Роман Сенчин - Любовь, или Не такие, как все (сборник)
Радости у брата тоже вполне материнские, «буфетные». Любит караты и девятьсот девяносто девятую пробу. Ну и модным увлечениям богатеев он, конечно, потакает: овощи, выращенные без использования минеральных удобрений, рыба, выловленная из отдаленных, не оскверненных человеком глубин, эксклюзивные пилюли, приготовленные на основе результата анализа слюны.
Раньше брат обитал в доме, который теперь трудно разглядеть среди построек внизу, потом перебрался в эту, полумесяцем, если смотреть с самолета, башню. Только этаж был пониже и окна на теннисный корт. Там я у него и побывал в прошлый раз. А недавно он поднажал на своего, и тот купил нынешние тысячи квадратных футов.
Просторный апартамент в высоком этаже, повсюду комнаты, альковы и лоджии. За светоотражающими, усиленными на случай урагана окнами три стороны компаса, роскошь и достаток до горизонта.
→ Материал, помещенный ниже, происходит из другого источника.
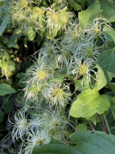 Virgin’s-bower (Clematis virginiana) growing at Grey Fox Conservation land, photo taken on 9/24/22, near the banks of Stony Brook in Westford. According to Native Plant Trust’s Go Botany, this beautiful native is the most common clematis in New England. The Cherokee made an infusion of virgin’s-bower with milkweed (Asclepias) to treat backache, as well as using it in ceremonial medicine to induce dreaming.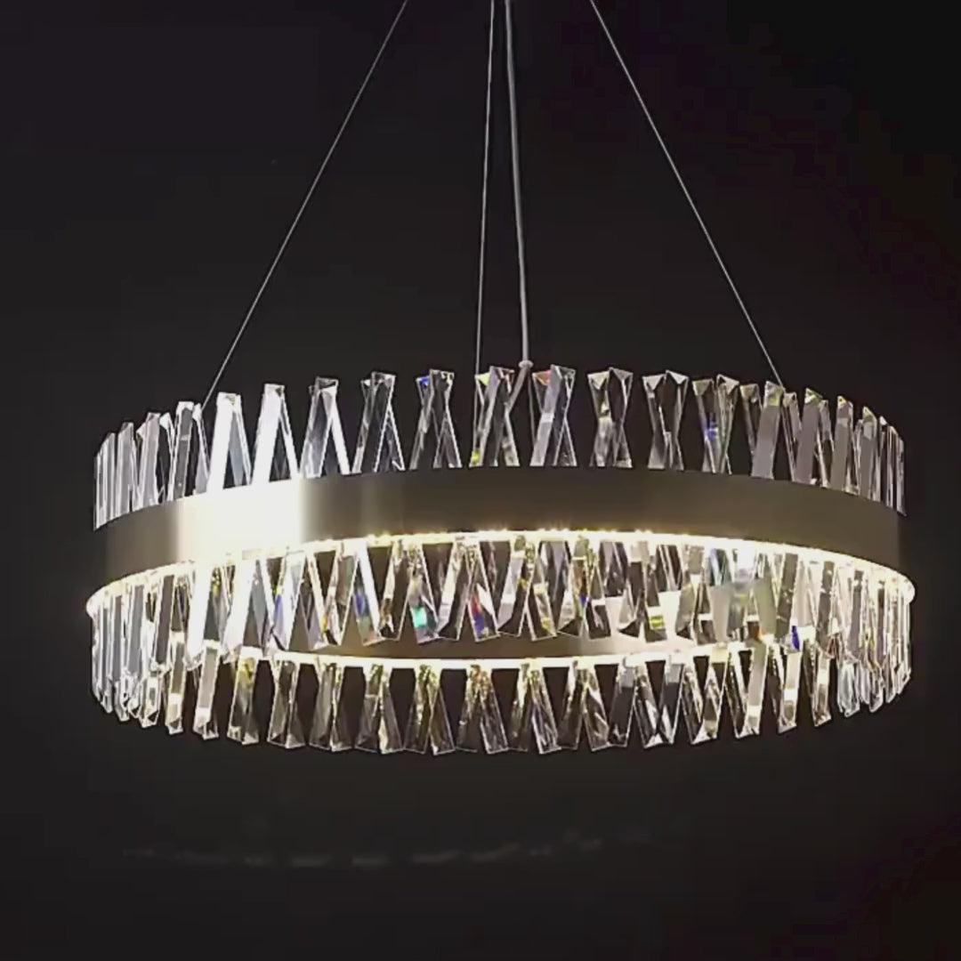 Where beauty meets elegance. Handcrafted with the finest crystals, this crystal chandelier will add a royal touch to any space. With its modern crossover design and intricate crystal structures, this chandelier is sure to get hearts racing. Place it in either the hallway, living room or above the staircase- you choose.

Собственный лифт, спортивный зал, пляж по пропуску, бассейн, возле которого целыми днями загорают несколько стариков. Как подсолнухи, они поворачиваются в направлении светила, клокочущего в комьях тропических облаков. Днем океанское марево и зубцы небоскребов, ночью чернота с россыпями летательных и плавсредств.
Перед моим приездом закончили обставляться. Интерьер, как теперь принято, сплошь натурален – тесаный и полированный камень, кавказский и американский дуб, фаянс, шелк, кожа, латунь, хрусталь, выдержанные напитки в тяжелых сосудах.
И цветы свежие повсюду.
У меня одноклассница сразу после выпускного за мента вышла, а через два года мы ее хоронили. Неосторожное обращение с оружием. Скорбящие, правда, шушукались, что это он ее в состоянии опьянения. Так вот, у той одноклассницы на гробе столько же цветов было, гора.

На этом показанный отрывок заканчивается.